Just recently, the American Society for Clinical Oncology (ASCO) urged the use of new biological knowledge to develop treatments faster, design more targeted clinical trials, and use information technology to integrate once-separate translational and clinical research. ASCO even says that targeted therapies can improve clinical trial responses from 8 to 30 percent. Also, just recently, the FDA gave itself a pat on the back as it highlighted its recent innovative drug approvals, with targeted cancer therapies included among those on the list.
What both of these events underscore is that we’re now finally seeing real co-development of drugs and companion diagnostics. This is a refreshing departure from the old system in which tests were developed after the drug was approved, often to rescue certain drugs that were facing rejection or had been pulled from the market.
We expect this trend to continue and will probably start to see new tests in two categories—
- Tests designed to include or to qualify patients. For example, if the specific drug target is present or activated, say, by a genetic alignment that creates the target (like Bcr-Abl fusion for leukemia), or mutations activate the target (like V600E in BRAF for melanoma), it will be sensitive to inhibitors.
- Tests designed to exclude or to disqualify patients. An example would be tests that determine the vicinity of the target pathway to determine if pre-existing mutations would enable the cancer to bypass drug activity (like KRAS mutations that circumvent EGFR inhibition).
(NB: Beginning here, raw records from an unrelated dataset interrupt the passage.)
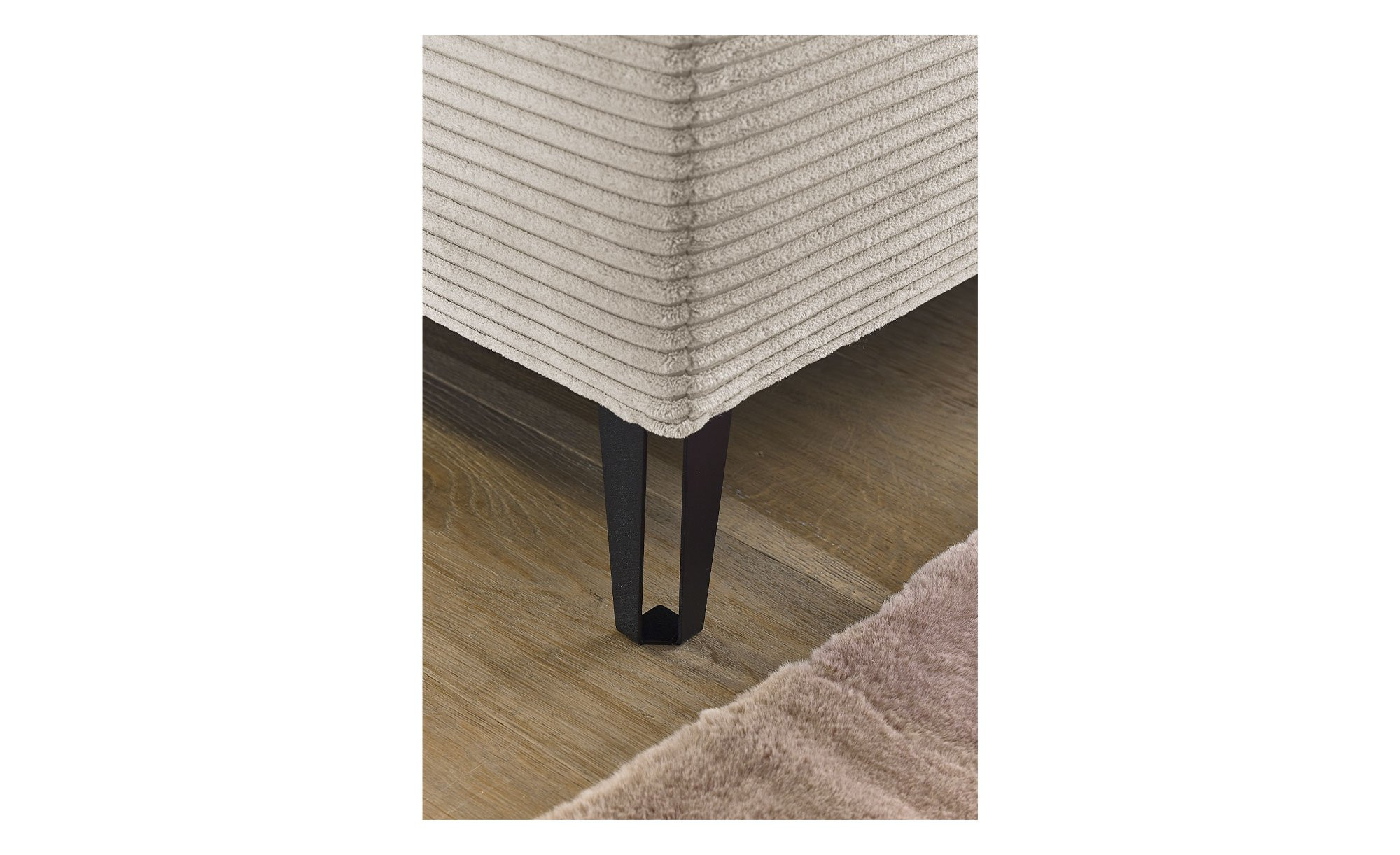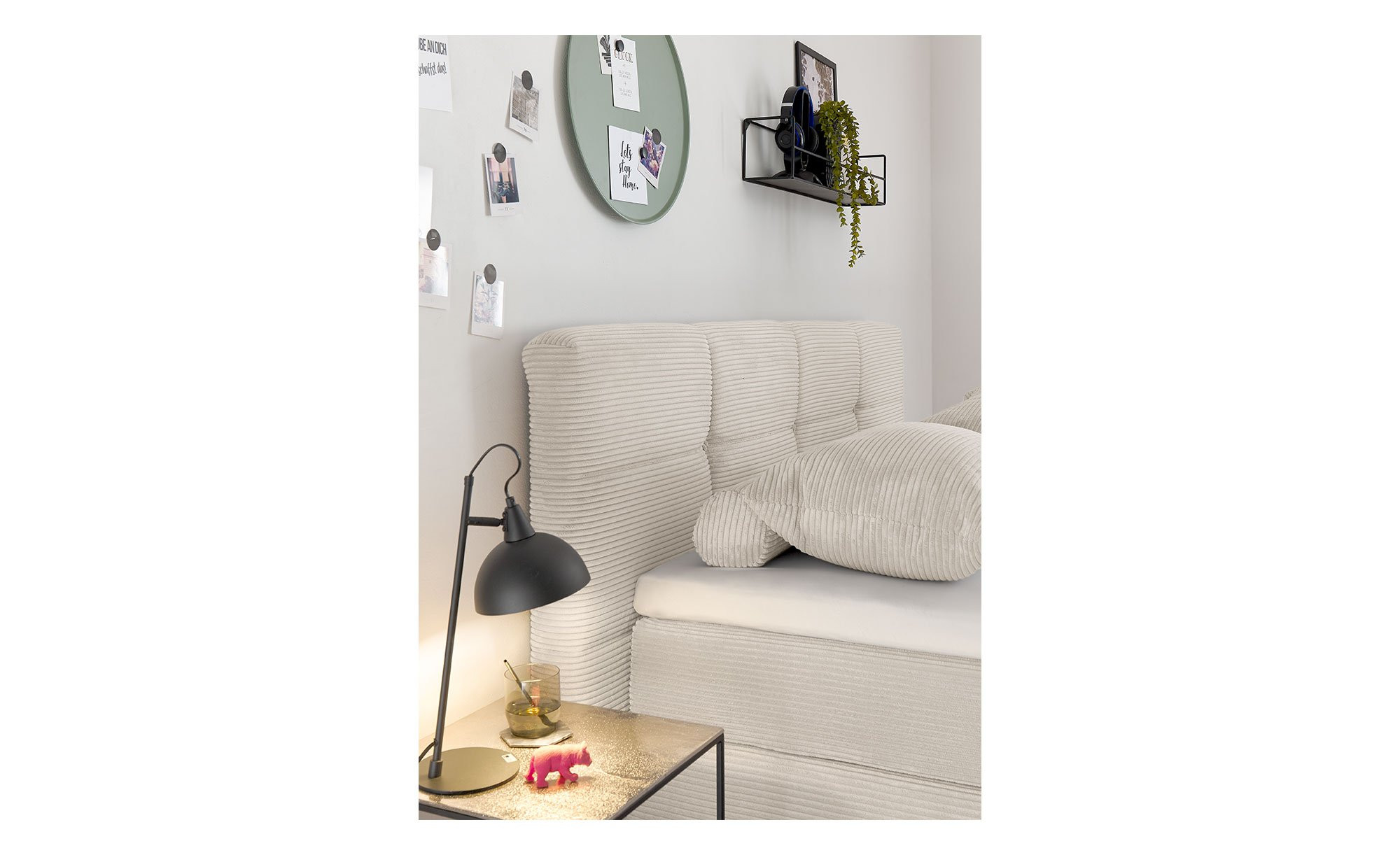 Das ca. 204 x 116 x 218 cm große Bett begeistert durch einen Mikrofaser-Bezug in Beige, der dem Raum eine angenehme Atmosphäre verleiht. Das Kopfteil ist mit komfortablen Kassettenfedern ausgestattet, während die ca. 12 cm hohen schwarzen Metallfüße für einen modernen Look sorgen.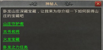 玩家击败五大名将之后,就会在【70.35】处刷出卧龙庄主,玩家战胜卧龙庄主并探索庄主遗骸获得庄主令牌,将五色夜明珠以及庄主令牌交给卧龙山庄神秘人NPC完成卧龙之力任务便可永久提升自身能力一次。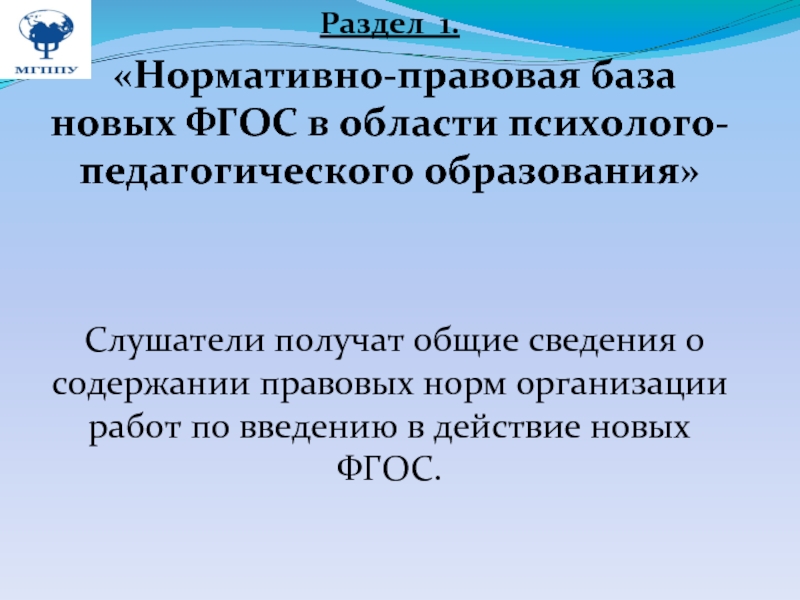 «Нормативно-правовая база новых ФГОС в области психолого-педагогического образования»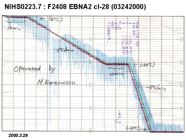 Viability/Growth rate/Cell number are represented as actual values measured at lot presentation in JCRB, but are not guaranteed values. Additionally, the doubling time is a rough value measured during passages.| Cell No. | JCRB0143.7 | Cell Name | F2408 EBNA2 cl-28 |

While this may bring optimism to patients and investors alike, Ken Walz, my colleague at Popper and Co., has a warning:
“Don’t discount the economic impact of this new world of cancer therapies. Pharmaceutical companies will at first be hesitant to abandon their blockbuster strategy. Niche drugs would not be sustainable under their cost structure. If discovery and development costs stay the same, the price of niche drugs would have to be very, very high. But if ASCO’s goals come true, R&D costs could realistically come down. And a portfolio of niche drugs could work very well, indeed.”
Good food for thought, considering how many times that light at the end of the cancer therapy tunnel was just a reflection off more muck. What do you think? What does the future of cancer therapy look like? Or the future of pharmaceutical development and R&D investment, for that matter? Share your thoughts with us.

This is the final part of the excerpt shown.